The commission presented evidence that Google’s promotion of its own shopping comparison service – featuring paid advertisers – increased by up to 45-fold, while traffic to competitor sites dropped by up to 92%. These findings were based on a seven-year investigation which examined around 1.7 billion search queries.

In addition to the record fine, Google had to agree to rectify the bias in its search results within 90 days, or face further fines.

Google is in breach, say rivals

The group of rival price-comparison sites say that, more than two years after that deadline expired, Google is still in breach of that agreement.

Reuters reports.

Forty-one European price-comparison shopping services on Thursday urged EU antitrust regulators to act against Alphabet Inc’s Google for allegedly flouting an order to allow rivals to compete on equal terms, which they said is endangering their existence […]

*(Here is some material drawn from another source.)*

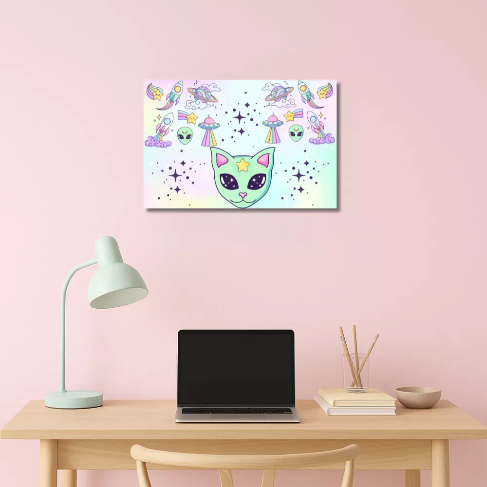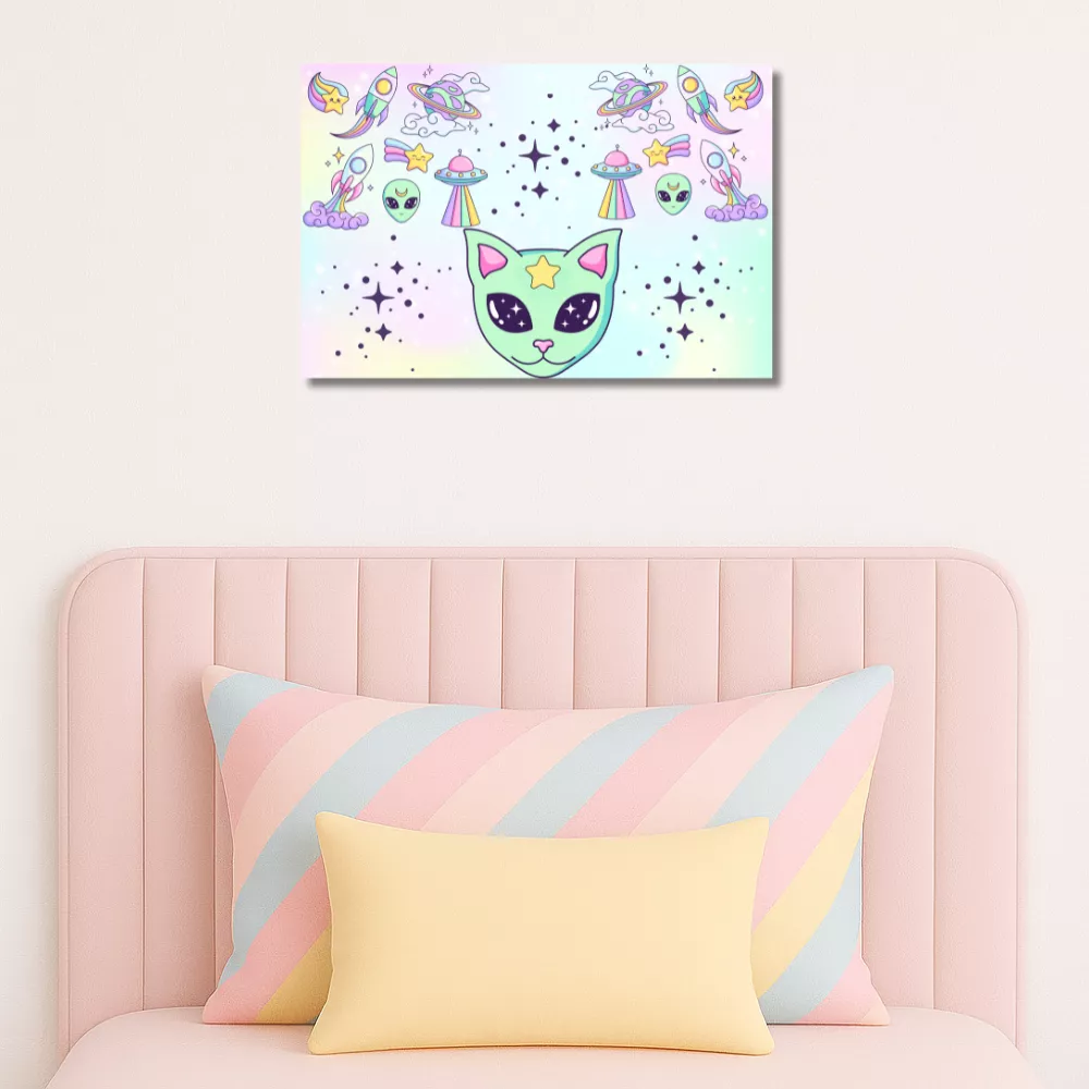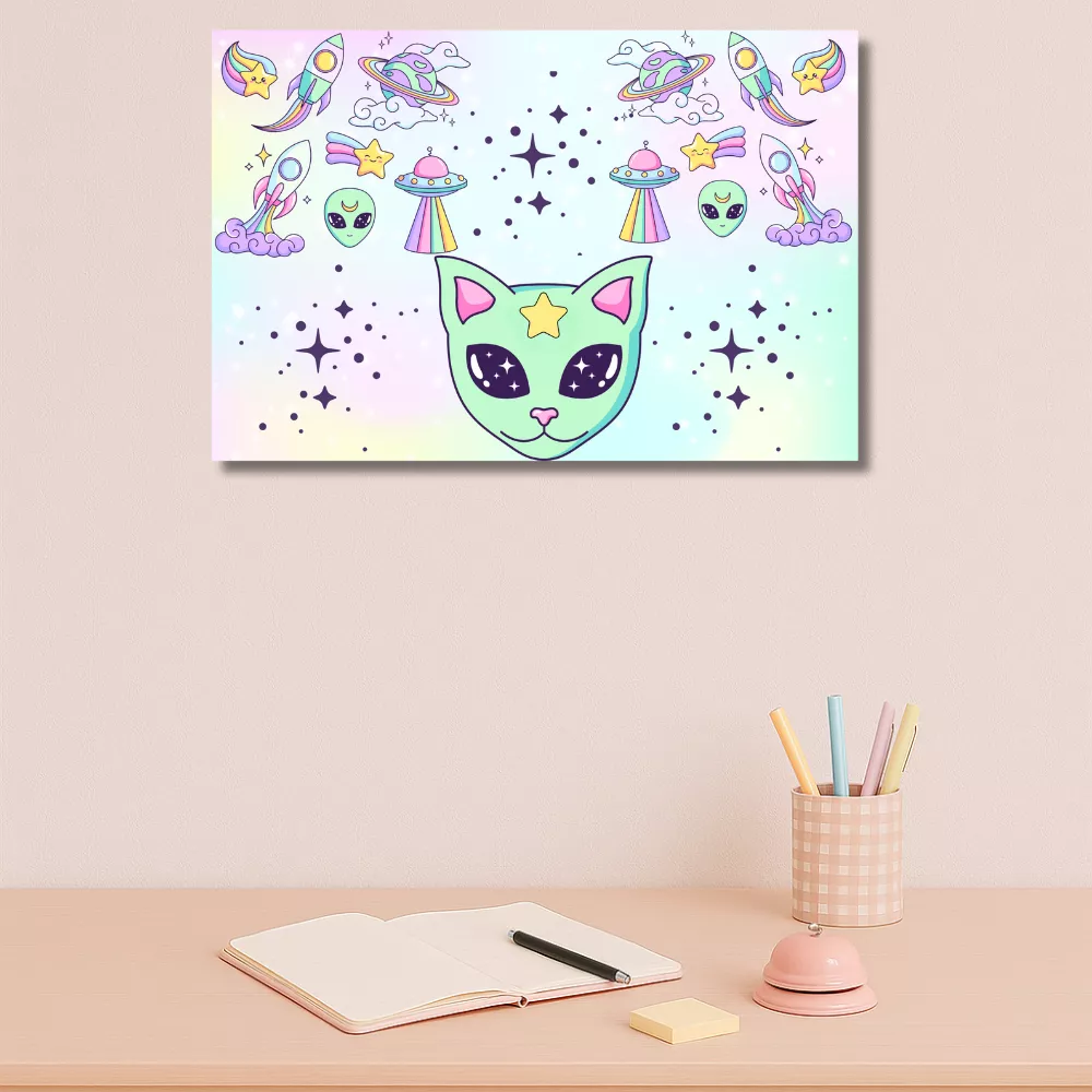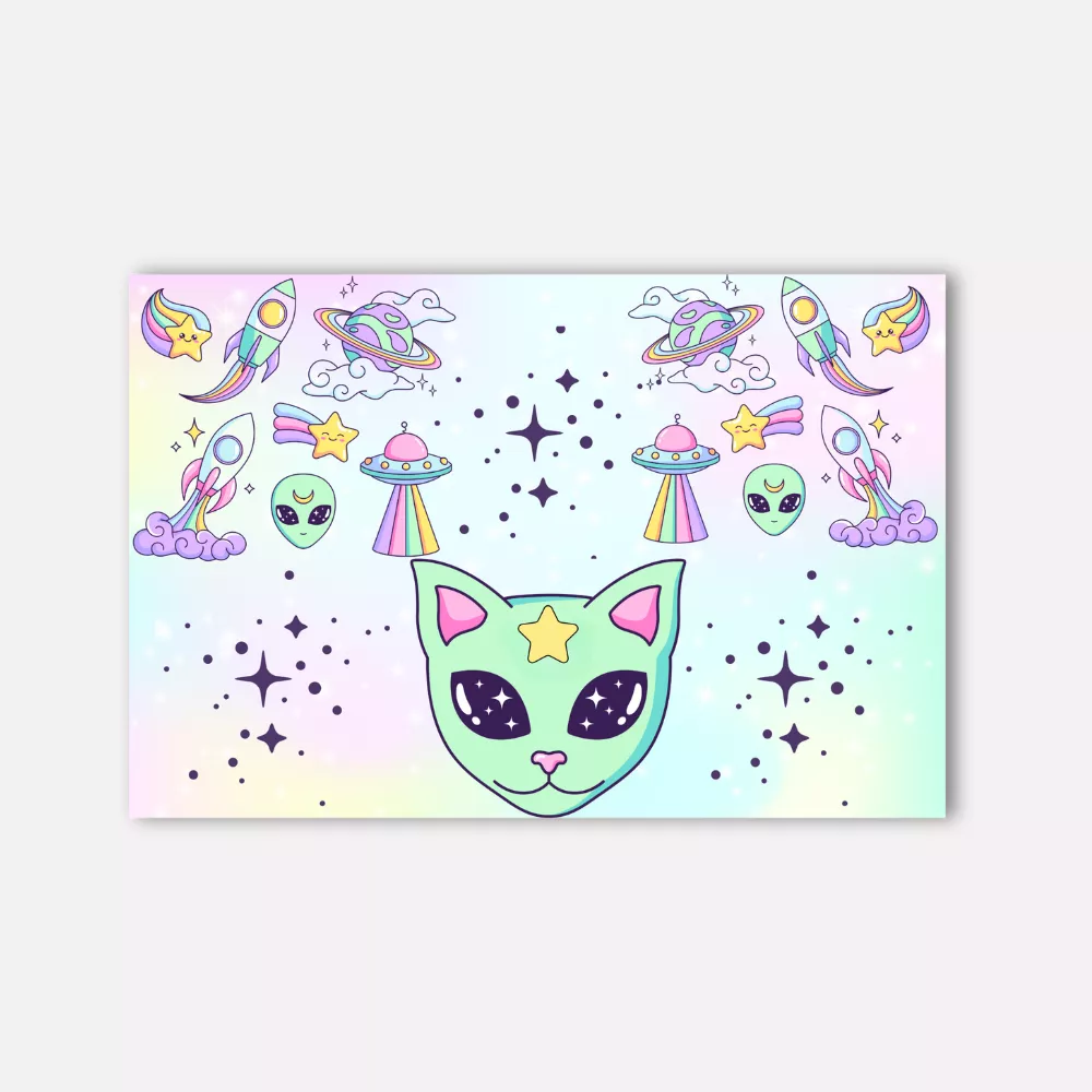 A Space Traveler Alumínium Kép egy pasztellszínű űrutazás, amely minden pillanatban galaktikus hangulatot varázsol az otthonodba. A mintát vidám űrcicák, aranyos űrlények, szivárványos rakéták és csillogó üstökösök díszítik, amelyek egy álomszerű univerzumot keltenek életre. A harmonikus színek és játékos motívumok tökéletesen ötvözik a kawaii és a kozmikus stílust – igazi különlegesség a Lumora kollekcióból.
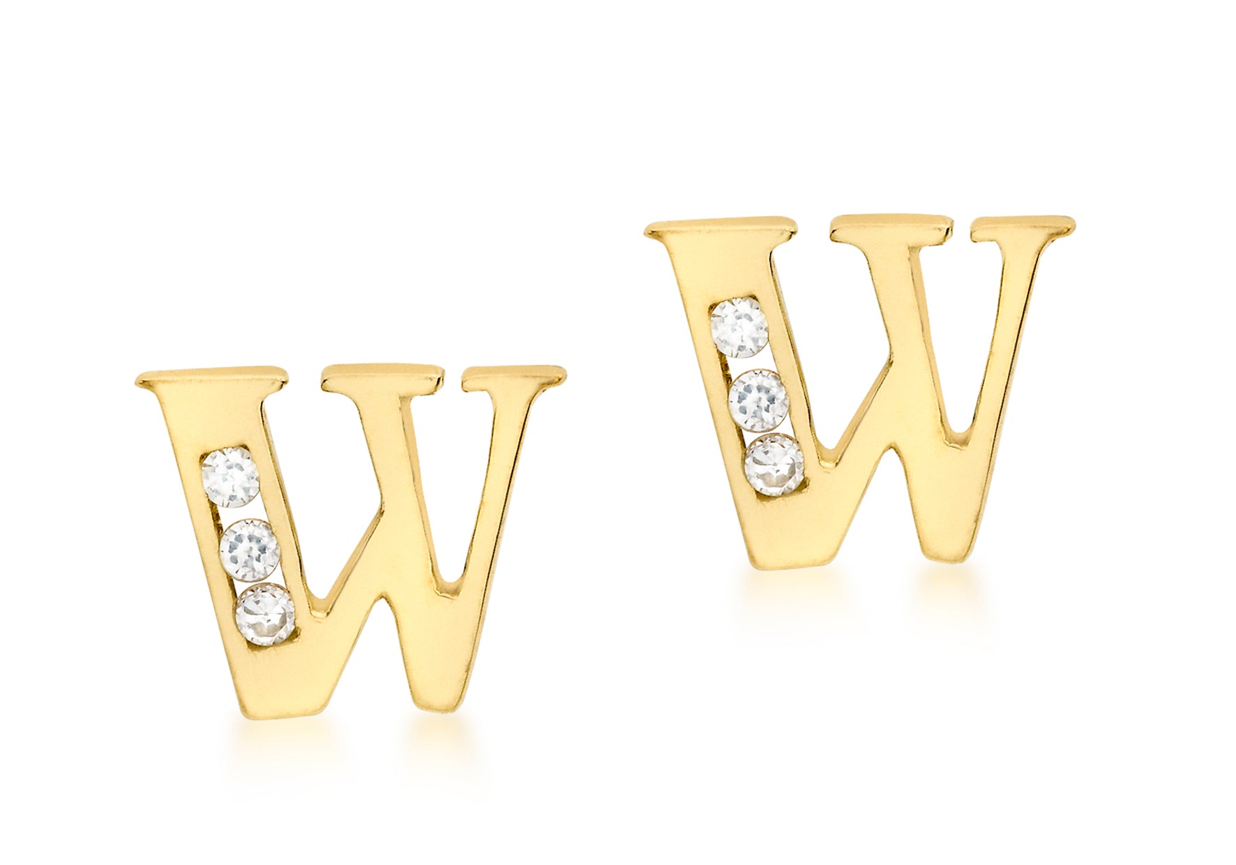 9ct Yellow Gold Zirconia 'W' Initial Stud Earrings

The signatories to the letter are from 21 EU countries, [and include] Idealo, Europe’s second largest price comparison shopping service and part of publishing group Axel Springer, Polish No. 1 Ceneo, Britain’s Kelkoo, and Foundem and Heureka in the Czech Republic.

“We are approaching you (Vestager) because companies like ours are endangered by Google, which is artfully avoiding compliance with the law,” the companies (CSS) said.

The companies say that it isn’t just their companies that are harmed. A Grant Thornton study found that prices shown on Google Shopping were on average higher than those available through rival price comparison sites, meaning that consumers too are being unfairly treated.

We’ll doubtless be hearing from European Competition Commissioner Margrethe Vestager in the next few days.